Don't bother, ThePurple. It's a waste of time with Robert. He hasn't even bothered to check out Raduga's site properly otherwise he'd know studies were conducted which have nothing to do with the book. Secondly, you can actually purchase a hard copy of The Phase plus another book on how to get started to represent The Phase Research Centre anywhere in the world. :-D

I will just day one final thing before I leave Robert with his unreason: It's fine if you want to insist that God exists and He is not simple, He's complex. But if you are saying a complex thing requires no explanation for coming into being than you are practically saying you believe in magic and take the defeatist approach that He is God and therefore requires no explanation. Imagine if scientists took that approach about the big complex universe! They haven't as they say there is more work to be done. By the way, according to the evidence so far, the universe did start from something simple--with the huge and inevitable potential to expand. Consider your logic annihilated. :mrgreen:

[ Post made via Android ] Image

on Mar 8, 2016, 11:52 PM
#52

You are Wrong again, Enra. Note that you have not demonstrated logically and reasonably one single "unreason" on my part. Saying it don't make it so.

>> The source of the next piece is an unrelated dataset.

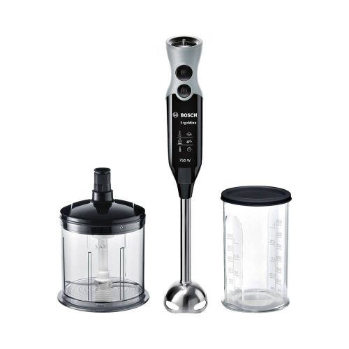 Bras Mixeur MSM67140 ErgoMixx Mixeur plongeant, 750 W, Noir ErgoMixx ■ Mixeur plongeant ■ 750 W ■ Mixeur en acier inoxydable avec lame quadruple QuattroBlade ■ Commande de vitesse - 12 réglages + turbo ■ Fonctionnement confortable: poignée souple, gros boutons, forme ergonomique ■ Hachoir XL ■ Pichet mélangeur ■ Couleur: noir / gris Moteur puissant de 750 W: idéal pour traiter des ingrédients durs et piloter une grande variété d'accessoires. Le couteau QuattroBlade à quatre lames garantit des résultats parfaits et empêche le mélange des aliments d'éclabousser. Ergonomique et facile à utiliser: le boîtier léger avec une poignée douce au toucher assure une position confortable et sûre de la main pendant le travail. Contrôle de la vitesse en douceur dans les 12 paramètres suggérés. Fonction supplémentaire de l'opération Turbo. Hachoir inclus: grâce à lui, vous pouvez hacher les herbes, les noix, le fromage et le chocolat beaucoup plus rapidement et plus facilement. Nouvelle forme pour une utilisation facile et confortable, poids léger et revêtement anti-dérapant soft-touch. Variateur de 12 vitesses + touche turbo pour adapter la vitesses au type de préparation Hachoir grand format pour hacher finement tous les aliments : condiments, herbes, oignons, viande… Moteur puissant de 750 watts pour des résultats rapides et parfaits Pied mixeur inox avec 4 lames aiguisées pour des préparations onctueuses et homogènes

Speak the truth and keep it rational and logical and you will find that I am very easy to communicate with and a productive outcome can be attained by those with a win-win attitude.

Yet another one of your multitudinous FALSE allegations too, Enra -- I am very familiar with Raduga, his website and his books. I downloaded and read nearly every word of two of his books. (I skimmed quickly over many of the wordy personal experiences by countless forum contributors, though). Is it okay with you if I choose not to worship him the way some do?

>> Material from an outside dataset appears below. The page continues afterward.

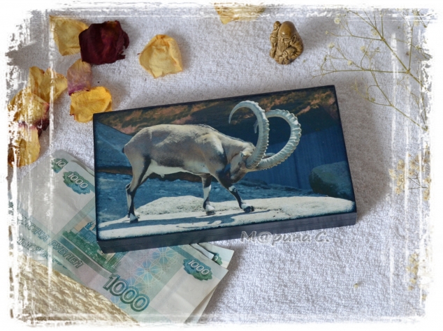 Девочки, вот ещё идеи подарков на Новый Год. Сделала купюрницы с символом 2015 года. Можно так подарить, а можно и с денежкой )))))). Внутри на крышке иероглиф "богатство". По фен-шуй изображение козы является мощным инструментом. На китайском "коза" звучит как "Ян". Если изображение этого животного поместить в доме, то в нём прибудет атмосфера счастья, добра и преуспевания, а особенно если у вас в доме недостаток янской силы (женщин больше, чем мужчин).

But if you are saying a complex thing requires no explanation

I didn't say that. I said it was an irrelevant Red Herring. You show a chronic inability to understand what is actually being said and misinterpreting and ultimately putting words in other people's mouths. I did not say that a complex thing required no explanation. I said that asking "where did the creator come from" and inserting it into the "creation of the Universe" debate is a Red Herring. Please do make a small effort to try and discern the difference.

By the way, according to the evidence so far, the universe did start from something simple--with the huge and inevitable potential to expand. Consider your logic annihilated

Annihilation nothing! Hahaha. Your continuous stream of non sequiturs and red herrings do NOTHING to even diminish my logic. On the other hand I have repeatedly obliterated your pseudo-logic and pretense at knowledge.

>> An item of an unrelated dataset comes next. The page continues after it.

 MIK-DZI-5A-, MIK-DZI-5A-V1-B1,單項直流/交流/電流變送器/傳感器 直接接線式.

And just to tie up a loose end...

The honest answer to the question, "Where is memory stored" is "We don't know".

First it was believed to be stored in the neurons, but when it was realized there weren't enough it evolved to synapses and when it was determined there still weren't enough they morphed it to combinations and permutations of synaptic interaction ... whatever that is.... Even the neuroscientists clinging to this great hope of the atheist materialists are honest enough to admit they really have no idea how this works or even if it is actually accurate. It is just a theory and the whole "gee, well, we kinda think now that memories are not really stored anywhere as fixed data but are reconstructions made in the present moment which explains how so many have faulty memories...." (paraphrased). They do not bother to address how many people can demonstrate dead on accurate recall of the most minute and voluminous detail of an event from decades ago, even though they never thought about it once in the interim. They can even recall detail that they made no conscious recognition of in the past, such as a license plate number they paid no attention to at all, at the time.

Neuroscience is completely befuddled by the reality of "memory".